The onLogRecord function sends the RX data for analysis to the automatic function scanPacket and then sends a response packet (or silently quits if no answer is needed). To form response packets, Jancy formatting literals (Perl-like formatting) are used.

The machine scanPacket demonstrates the extremely useful possibility of parsing multilanguage input data (analogous to fgoto / fcall for changing machines in Ragel). After parsing and checking the first part of the packet containing the MAC prefix, we “jump” to the second automaton, scanCommand, to parse the packet body with the actual command and identifying suffix:

 jnc.AutomatonResult automaton TiosEmuLayer.scanCommand (jnc.Recognizer* recognizer) { %% id = '|' .* %% 'X' id? m_reply = "A<IONJ-3.4.0>/ec8ec901-bb4b-4468-bfb9-bf482589cc17/test!"; %% "PC" id? m_reply = "A*R*/00/&h A:0000,B:0000,PC:00000000,SP:00,FL:Z**/65535"; %% 'B' id? m_reply = "A"; } 

The second automaton demonstrates the ability to define named regular expressions for later use. Note that standard classes of characters such as spaces, decimal digits, etc. do not need special definitions and are accessible, as in Perl, through the escape sequences \ d, \ D, s, \ S, \ w, \ W.
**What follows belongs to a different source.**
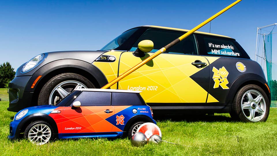 Pensando em agilizar os processos de avaliação em algumas provas durante os Jogos Olímpicos de Londres, como arremesso de dardos, martelos e discos, por exemplo, em um projeto publicitário em parceria com a BMW, reunindo 160 modelos do Active Es e 40 Mini Coopers, foram fornecidas algumas unidades de carrinhos rádio controlados e caracterizados a partir dos modelos Mini, sendo comum ver os brinquedos pelos estádios. Os carrinhos suportam o trasporte de até 18 Kg e são alimentados por baterias com autonomia de 35 minutos. O controle dos carrinhos é realizado pelo supervisor, tranquilamente acomodado com alguns metros de distância do local onde está ocorrendo a prova, enquanto se necessário, um assistente vai até o devido local da pista para auxiliar.

We launch our plug-in on the carrier UDP session, select the adapter “All IPv4 Adapters” and open port 65535. We want our plug-in to respond to the address from which the request came - for this we select the Auto-switch Remote Address checkbox (a button with a compass ). Now we start Device Explorer and we see the dummy device generated by our emulator. Fanfare, fireworks, hulks.



The full text of the plugin can be downloaded here: http://tibbo.com/downloads/open/ioninja-plugin-samples/TiosEmu.zip

Conclusion

Of course, the output we did not have a full-fledged TiOS emulator, but rather a blank blank. However, this should be quite enough to demonstrate the concept itself and to understand which direction to dig further - this emulator may well serve as a starting point for writing some more useful testing utility in your particular case.

In the next part of the article, we will look at creating a plug-in layer for analyzing the protocol.